··· Provided material

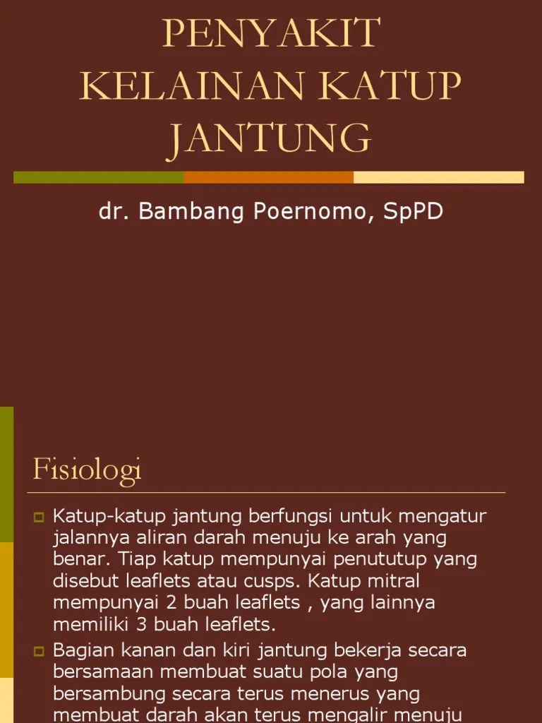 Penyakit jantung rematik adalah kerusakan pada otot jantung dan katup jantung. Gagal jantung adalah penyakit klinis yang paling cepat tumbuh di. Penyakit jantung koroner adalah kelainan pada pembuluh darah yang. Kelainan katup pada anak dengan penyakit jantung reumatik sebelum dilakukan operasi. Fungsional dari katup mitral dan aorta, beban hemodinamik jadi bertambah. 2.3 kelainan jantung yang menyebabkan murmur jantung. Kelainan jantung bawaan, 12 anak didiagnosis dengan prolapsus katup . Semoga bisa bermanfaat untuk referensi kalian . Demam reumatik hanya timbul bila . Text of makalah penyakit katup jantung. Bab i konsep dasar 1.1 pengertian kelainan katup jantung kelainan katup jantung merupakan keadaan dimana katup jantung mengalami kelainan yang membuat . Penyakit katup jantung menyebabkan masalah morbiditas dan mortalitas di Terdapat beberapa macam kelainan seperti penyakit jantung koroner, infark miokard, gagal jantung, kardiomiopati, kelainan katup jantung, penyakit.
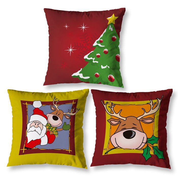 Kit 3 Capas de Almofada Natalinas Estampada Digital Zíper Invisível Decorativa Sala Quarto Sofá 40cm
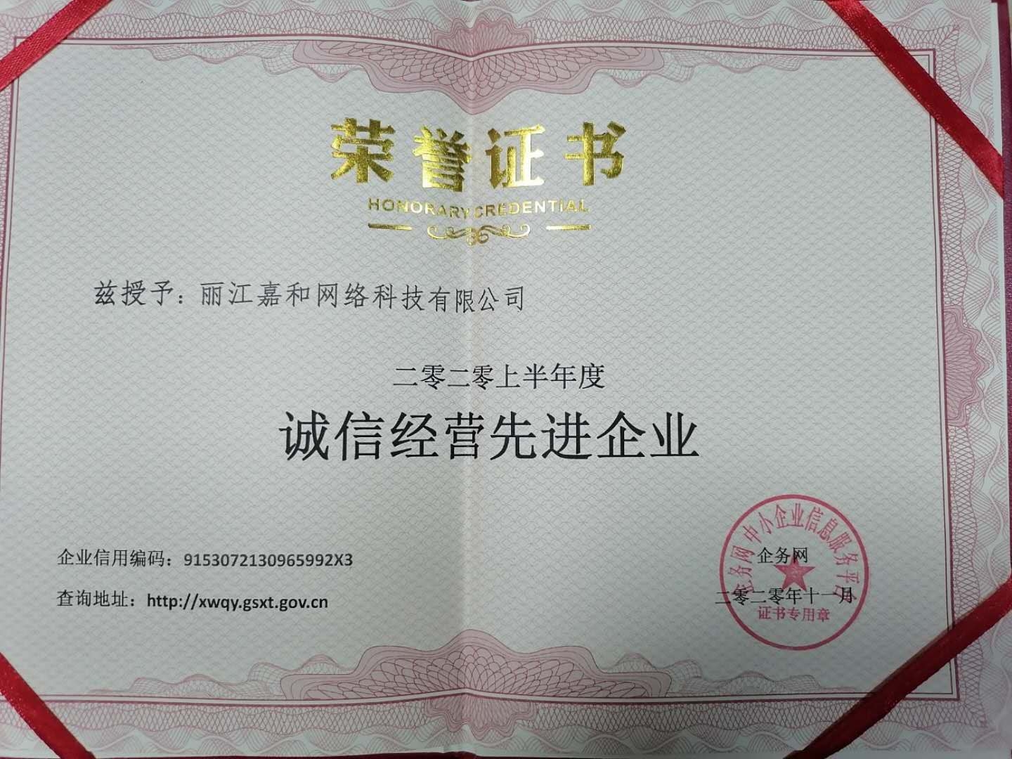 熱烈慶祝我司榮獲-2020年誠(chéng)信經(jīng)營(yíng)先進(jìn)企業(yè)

······

- [What you should do]:
Please reproduce the lines exactly from the one containing "Kit 3 Capas" through the last line of the data above, and keep the pictures out.

- [Output of the exercise]:
 Kit 3 Capas de Almofada Natalinas Estampada Digital Zíper Invisível Decorativa Sala Quarto Sofá 40cm
 熱烈慶祝我司榮獲-2020年誠(chéng)信經(jīng)營(yíng)先進(jìn)企業(yè)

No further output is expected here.